**DATA EXTRACT**:
::::

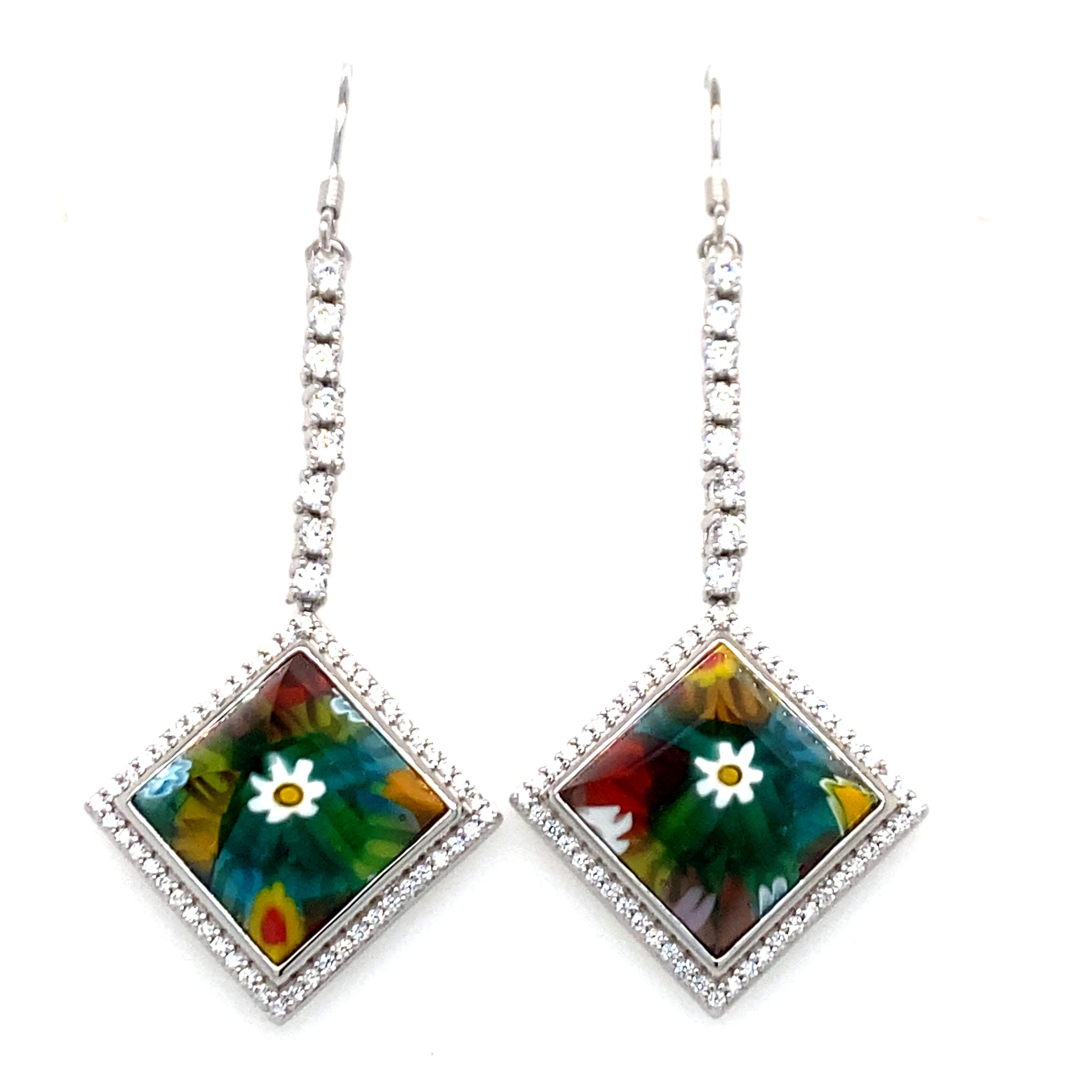 Murano Millefiori Princess Cut Glass And CZ Drop Earrings.
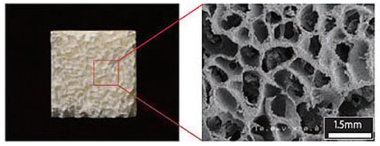 Scanning electron microscope image of hydroxyapatite–collagen composite. Reprinted with permission from [88]. Copyright © 2024 The Japanese Society for Spine Surgery and Related Research.
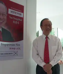 - ^ The total number of votes cast was 2,156,389, made up of 2,118,540 valid votes and 37,849 rejected votes (1.76% of the total): Statement of the Poll in a Presidential Election (G.N. No. 2465/2011) dated 31 August 2011, archived from the original on 2 September 2011. See also Li Xueying (28 August 2011), "Tony Tan is president: He wins by 7,269 votes after recount", The Sunday Times, pp. 1–2; Loh Chee Kong (28 August 2011), "Dr Tony Tan is Singapore's next President: Former Deputy Prime Minister edges out Dr Tan Cheng Bock in an intensely-fought contest", Today on Sunday, p. 1, archived from the original on 28 August 2011; Andrea Ong (1 September 2011), "Tony Tan gets almost 40% of overseas votes", The Straits Times, pp. A1 & A8; Tan Qiuyi (1 September 2011), "Final vote tally for PE", Today, p. 6, archived from the original on 22 September 2011.

::::

**TASK DETAILS**: Everything in the listing except the pictures must come back exactly as written.

**SOLUTION TO THE EXERCISE**:
 Murano Millefiori Princess Cut Glass And CZ Drop Earrings.
 Scanning electron microscope image of hydroxyapatite–collagen composite. Reprinted with permission from [88]. Copyright © 2024 The Japanese Society for Spine Surgery and Related Research.
 - ^ The total number of votes cast was 2,156,389, made up of 2,118,540 valid votes and 37,849 rejected votes (1.76% of the total): Statement of the Poll in a Presidential Election (G.N. No. 2465/2011) dated 31 August 2011, archived from the original on 2 September 2011. See also Li Xueying (28 August 2011), "Tony Tan is president: He wins by 7,269 votes after recount", The Sunday Times, pp. 1–2; Loh Chee Kong (28 August 2011), "Dr Tony Tan is Singapore's next President: Former Deputy Prime Minister edges out Dr Tan Cheng Bock in an intensely-fought contest", Today on Sunday, p. 1, archived from the original on 28 August 2011; Andrea Ong (1 September 2011), "Tony Tan gets almost 40% of overseas votes", The Straits Times, pp. A1 & A8; Tan Qiuyi (1 September 2011), "Final vote tally for PE", Today, p. 6, archived from the original on 22 September 2011.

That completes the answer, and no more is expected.